31 March 1968, Oval Office, Washington DC, USA

Good evening, my fellow Americans:

Tonight I want to speak to you of peace in Vietnam and Southeast Asia.

No other question so preoccupies our people. No other dream so absorbs the 250 million human beings who live in that part of the world. No other goal motivates American policy in Southeast Asia.

For years, representatives of our Government and others have traveled the world--seeking to find a basis for peace talks.

Since last September, they have carried the offer that I made public at San Antonio. That offer was this:

That the United States would stop its bombardment of North Vietnam when that would lead promptly to productive discussions--and that we would assume that North Vietnam would not take military advantage of our restraint.

Hanoi denounced this offer, both privately and publicly. Even while the search for peace was going on, North Vietnam rushed their preparations for a savage assault on the people, the government, and the allies of South Vietnam.

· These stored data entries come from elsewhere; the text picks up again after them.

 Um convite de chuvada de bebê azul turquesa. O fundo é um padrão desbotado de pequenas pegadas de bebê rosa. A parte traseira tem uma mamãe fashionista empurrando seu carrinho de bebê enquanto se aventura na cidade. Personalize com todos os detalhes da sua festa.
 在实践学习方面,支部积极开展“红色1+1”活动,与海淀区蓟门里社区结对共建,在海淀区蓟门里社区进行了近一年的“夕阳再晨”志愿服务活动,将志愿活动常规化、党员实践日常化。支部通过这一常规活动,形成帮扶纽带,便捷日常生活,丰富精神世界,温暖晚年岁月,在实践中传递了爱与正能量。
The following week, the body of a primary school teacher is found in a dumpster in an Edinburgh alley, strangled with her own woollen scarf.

Their attack--during the Tet holidays--failed to achieve its principal objectives.

It did not collapse the elected government of South Vietnam or shatter its army--as the Communists had hoped.

It did not produce a "general uprising" among the people of the cities as they had predicted.

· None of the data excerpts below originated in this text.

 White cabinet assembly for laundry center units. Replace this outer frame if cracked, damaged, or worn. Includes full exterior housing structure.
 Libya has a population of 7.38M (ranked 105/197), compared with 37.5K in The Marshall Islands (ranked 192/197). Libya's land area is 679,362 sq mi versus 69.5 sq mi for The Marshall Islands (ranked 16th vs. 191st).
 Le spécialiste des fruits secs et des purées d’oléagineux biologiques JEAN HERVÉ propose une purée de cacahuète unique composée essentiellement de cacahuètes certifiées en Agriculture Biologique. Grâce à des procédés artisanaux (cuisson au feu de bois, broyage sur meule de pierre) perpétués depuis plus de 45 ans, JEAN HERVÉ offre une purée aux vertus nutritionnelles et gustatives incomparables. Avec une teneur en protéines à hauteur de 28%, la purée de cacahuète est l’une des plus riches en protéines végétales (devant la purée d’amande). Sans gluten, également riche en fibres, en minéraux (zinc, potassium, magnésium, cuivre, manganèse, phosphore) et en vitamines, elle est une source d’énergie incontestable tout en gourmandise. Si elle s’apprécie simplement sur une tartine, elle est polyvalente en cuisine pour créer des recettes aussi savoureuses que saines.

The Communists were unable to maintain control of any of the more than 30 cities that they attacked. And they took very heavy casualties.

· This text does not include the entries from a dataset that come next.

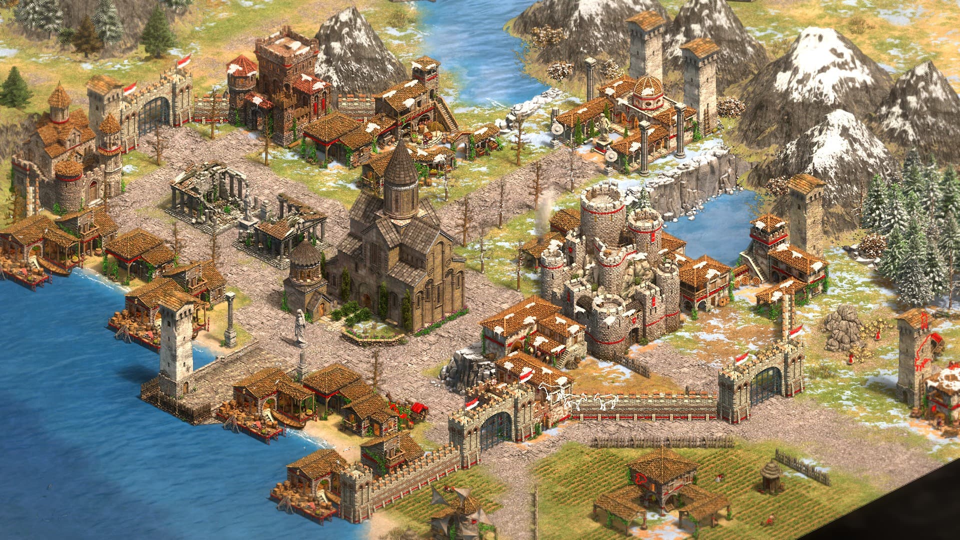 Huns do not have access to most common buildings like Farms, Lumber camps, Mining camps, Fish traps, Markets, Castles, Stone walls/gates, Universities and, until you won’t capture one of them, neither Docks nor Siege workshops. However you can build mule carts to collect resources and train unique units at the chief’s yurt. In the Stall you can also research unique techs.
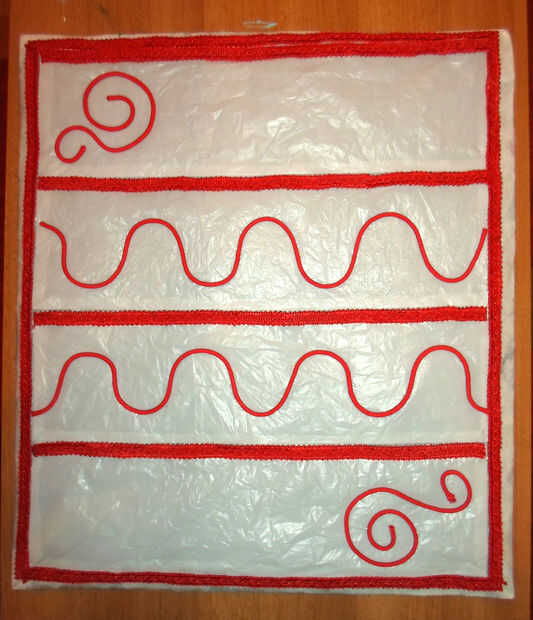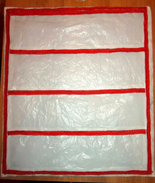 Luego cortar algunas cadenas rojo y pega en los bolsillos creando diferentes formas, se puede ver todo en las fotos! :)
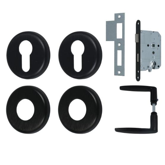 AXA set binnendeurbeslag ronde rozet + dag-nachtslot cilinder zwart
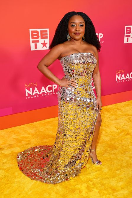 Quinta Brunson wears Naeem Khan.
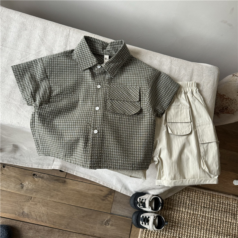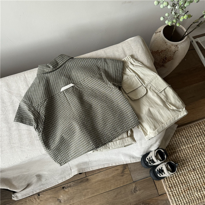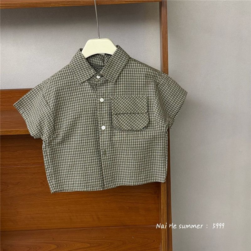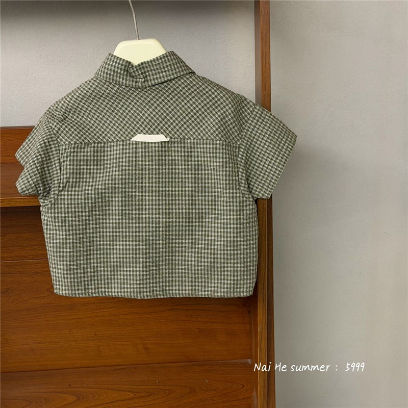 26가지 새로운 여름 스타일 아동용 한국 스타일 체크무늬 반팔 셔츠, 남아 여아용 캐주얼 베이비 셔츠 상의, 트렌디한 상의스토어 가기
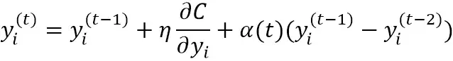 带动量的梯度更新公式:(这里给出单个y_i点的梯度下降公式,显然需要对所有:Y^(T)={y_1,y_2,...,y_n}进行统一迭代。)
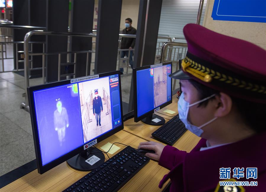 3月23日,在漢口火車站地鐵站,工作人員在測試測溫系統(tǒng)。該車站的2個入口處,已經(jīng)安裝了電子測溫儀器,只要有乘客通過,就會在電腦顯示屏上出現(xiàn)體溫的數(shù)據(jù),監(jiān)控進站乘客體溫。新華社記者肖藝九攝
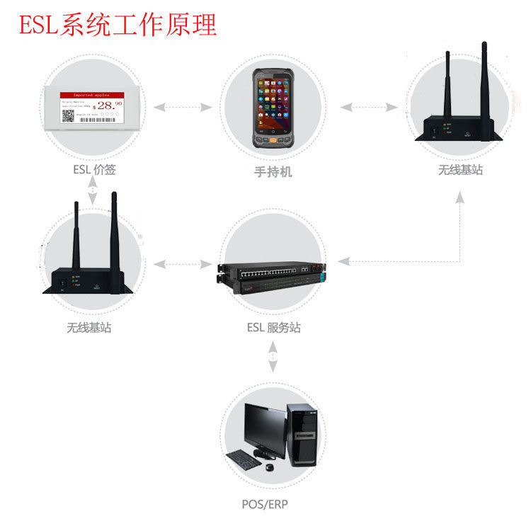5、整套电子货价标签系统中的软件、基站、标签、PDA手持机全部自主组网,通信稳定可靠,确保显示无差错。
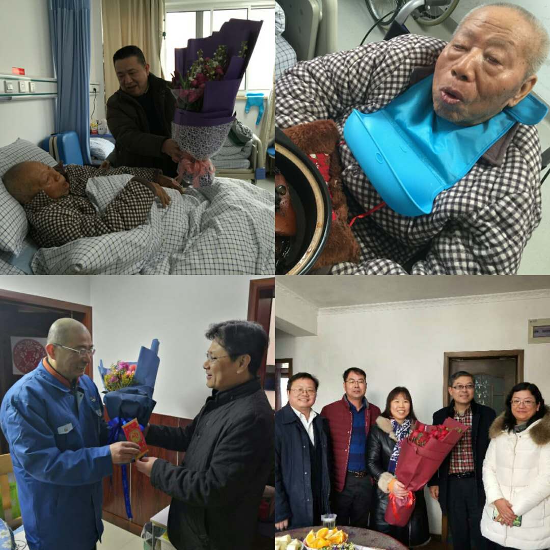 集团党委书记、董事长芦俊带队,看望住院休养的老领导许家福,详细了解了许老的身体状况,祝愿许老健康长寿、新春快乐。次日上午,党群工作部按照芦董的嘱托,带着特殊的礼物(一份银河 报、一碗蹄膀和一本《温度管家》杂志)再次看望许老。不太开口说话的他,难掩心中的激动之情,连声道“谢谢”。在全国城乡与住房建设部劳模沈卫国家中,芦董在沈妈妈面前称赞沈卫国是银河 的宝贵财富,从事的是涉及千家万户的燃气运行保障工作,还做好技艺传帮带。勉励沈卫国在今后工作中,要保持平常心,继续兢兢业业;要还原平常心,紧要关头要正确处理好单位和家庭的关系,同时组织上要多给予关心。芦董祝愿沈妈妈身体健康,开心快乐。之后来到医院看望杭天服务发展公司员工王维华,关心他的身体康复情况,鼓励树立信心、克服困难、早日康复、新春快乐。
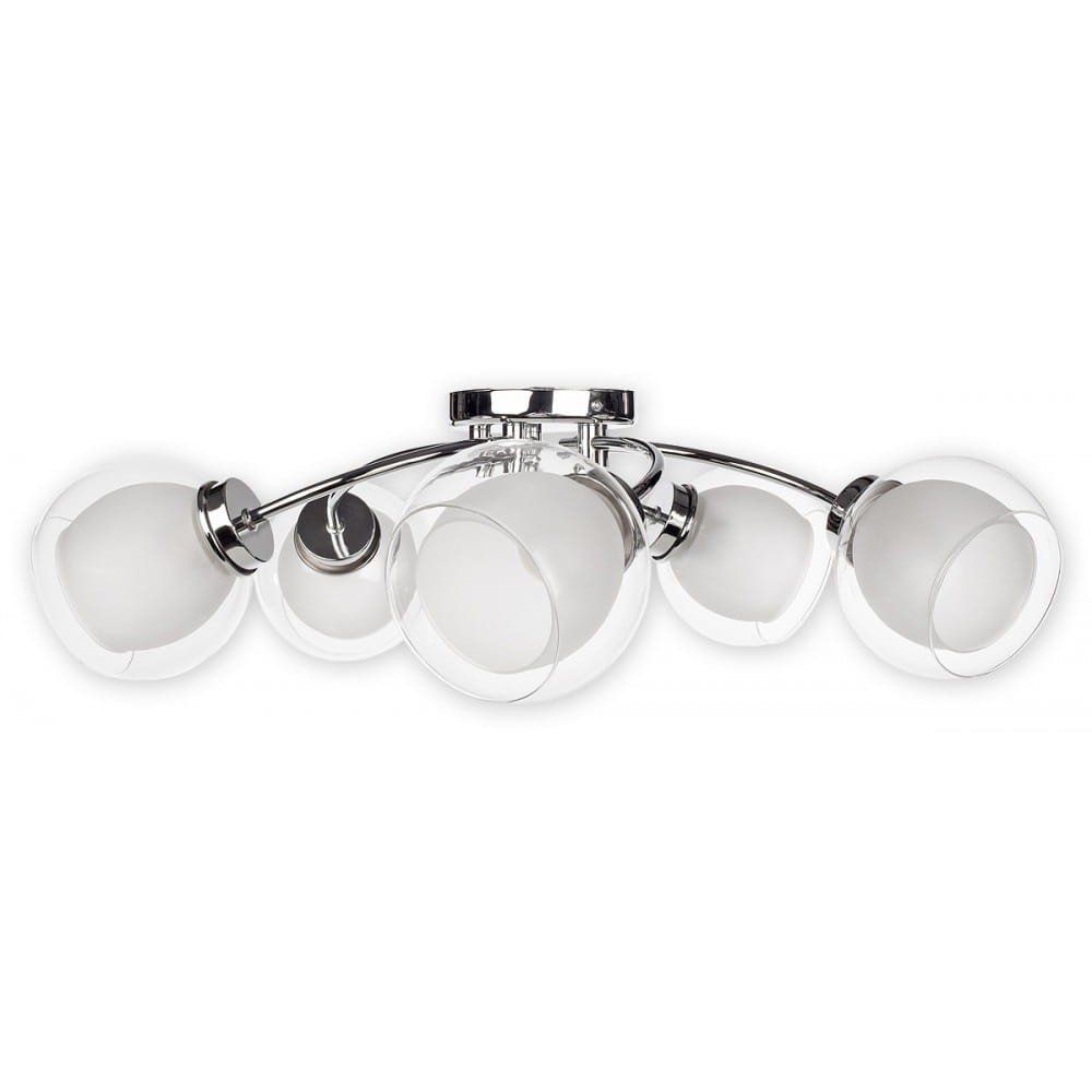 Chromowy nowoczesny plafon do sypialni lub niewielkiego salonu DEKY to model lampy, który świetnie prezentuje się w nowoczesnych wnętrzach. Wyróżnia się ciekawym, niepowtarzalnym wzornictwem, prosty srebrny stelaż oraz 5 szklanych kloszy tworzą bardzo nowoczesną kompozycję. Plafon wykonany niezwykle precyzyjnie.

But they did compel the South Vietnamese and their allies to move certain forces from the countryside into the cities.

They caused widespread disruption and suffering. Their attacks, and the battles that followed, made refugees of half a million human beings.

The Communists may renew their attack any day.

They are, it appears, trying to make 1968 the year of decision in South Vietnam--the year that brings, if not final victory or defeat, at least a turning point in the struggle.

This much is clear: If they do mount another round of heavy attacks, they will not succeed in destroying the fighting power of South Vietnam and its allies.

But tragically, this is also clear: Many men--on both sides of the struggle--will be lost. A nation that has already suffered 20 years of warfare will suffer once again. Armies on both sides will take new casualties. And the war will go on.

There is no need for this to be so.

There is no need to delay the talks that could bring an end to this long and this bloody war.

Tonight, I renew the offer I made last August--to stop the bombardment of North Vietnam. We ask that talks begin promptly, that they be serious talks on the substance of peace. We assume that during those talks Hanoi will not take advantage of our restraint.

We are prepared to move immediately toward peace through negotiations.

So, tonight, in the hope that this action will lead to early talks, I am taking the first step to deescalate the conflict. We are reducing--substantially reducing--the present level of hostilities.

And we are doing so unilaterally, and at once.

Tonight, I have ordered our aircraft and our naval vessels to make no attacks on North Vietnam, except in the area north of the demilitarized zone where the continuing enemy buildup directly threatens allied forward positions and where the movements of their troops and supplies are clearly related to that threat.

The area in which we are stopping our attacks includes almost 90 percent of North Vietnam's population, and most of its territory. Thus there will be no attacks around the principal populated areas, or in the food-producing areas of North Vietnam.

Even this very limited bombing of the North could come to an early end--if our restraint is matched by restraint in Hanoi. But I cannot in good conscience stop all bombing so long as to do so would immediately and directly endanger the lives of our men and our allies. Whether a complete bombing halt becomes possible in the future will be determined by events.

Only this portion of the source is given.